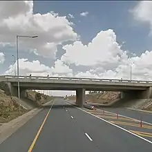 After Polokwane, the N1 heads north, crossing the Tropic of Capricorn before passing Louis Trichardt. The N1 then winds through the Soutpansberg Mountains (containing two short tunnels) before heading to Musina (passing the last tollgate before Musina). Plans are underway for a bypass around Musina (it will be an 8 km highway west of the Musina CBD; to be completed in June 2022).[5] The route then continues for 16 km to end at the Beit Bridge border crossing with Zimbabwe on the Limpopo River.
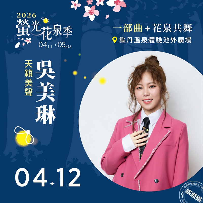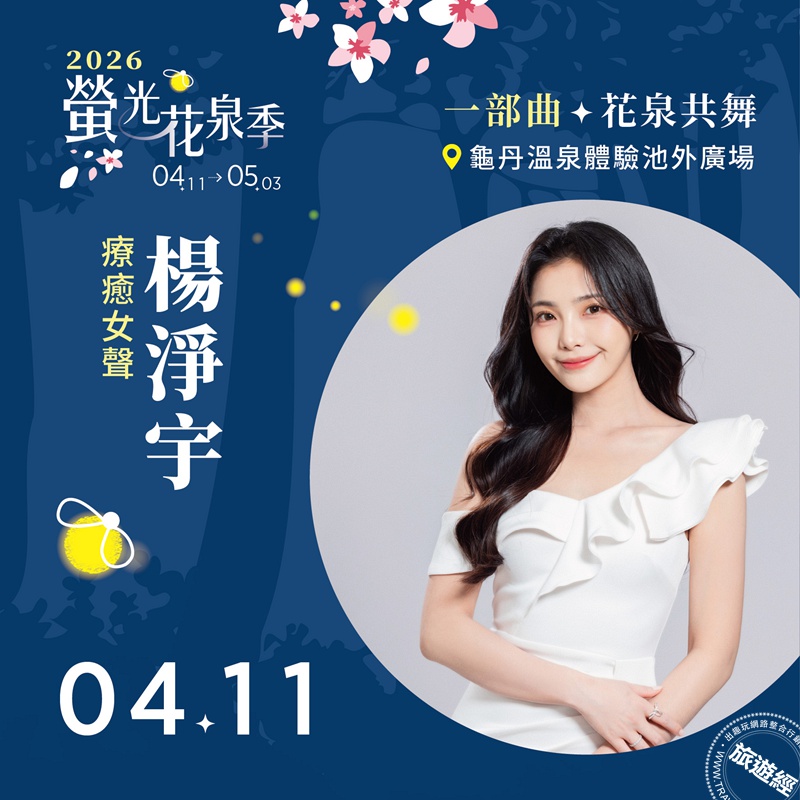 臺南春季觀光盛事「2026螢光花泉季」將正式揭幕!「螢光花泉季」整合自然景觀、生態資源與在地產業,展現楠西山城獨有的旅遊魅力,首波登場為一部曲「花泉共舞」,將於4月11日至4月12日,一連二天上午10時至下午4時,在楠西區龜丹溫泉體驗池戶外廣場熱鬧展開。活動結合溫泉體驗、音樂演出、特色市集,以及超療癒的「卡比胖拉」氣偶與紙雕裝置,打造春日最悠閒愜意的山城慶典。
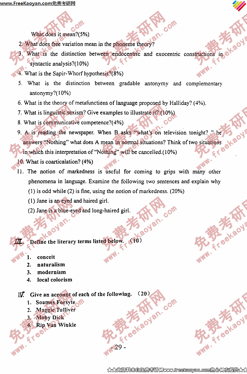 相关话题/考研真题 武汉理工大学 英美文学 语言学
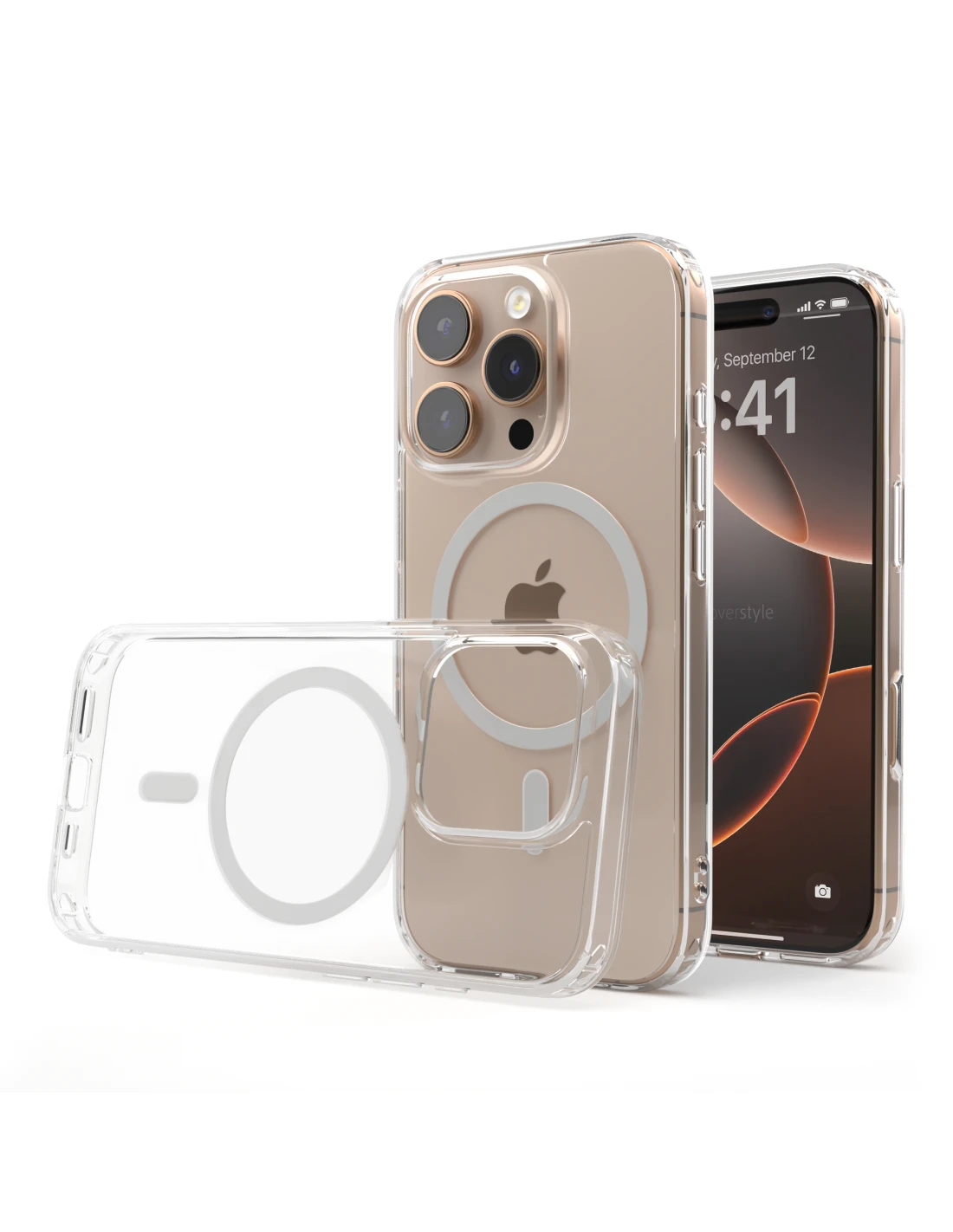 UltraFlex PRO® di CoverStyle, la prima Custodia Trasparente con Supporto MagSafe che protegge tutti i bordi del vostro telefono.

◆ EXERCISE:
Skip the pictures, then retype every line above exactly.

◆ EXERCISE SOLUTION:
 After Polokwane, the N1 heads north, crossing the Tropic of Capricorn before passing Louis Trichardt. The N1 then winds through the Soutpansberg Mountains (containing two short tunnels) before heading to Musina (passing the last tollgate before Musina). Plans are underway for a bypass around Musina (it will be an 8 km highway west of the Musina CBD; to be completed in June 2022).[5] The route then continues for 16 km to end at the Beit Bridge border crossing with Zimbabwe on the Limpopo River.
 臺南春季觀光盛事「2026螢光花泉季」將正式揭幕!「螢光花泉季」整合自然景觀、生態資源與在地產業,展現楠西山城獨有的旅遊魅力,首波登場為一部曲「花泉共舞」,將於4月11日至4月12日,一連二天上午10時至下午4時,在楠西區龜丹溫泉體驗池戶外廣場熱鬧展開。活動結合溫泉體驗、音樂演出、特色市集,以及超療癒的「卡比胖拉」氣偶與紙雕裝置,打造春日最悠閒愜意的山城慶典。
 相关话题/考研真题 武汉理工大学 英美文学 语言学
 UltraFlex PRO® di CoverStyle, la prima Custodia Trasparente con Supporto MagSafe che protegge tutti i bordi del vostro telefono.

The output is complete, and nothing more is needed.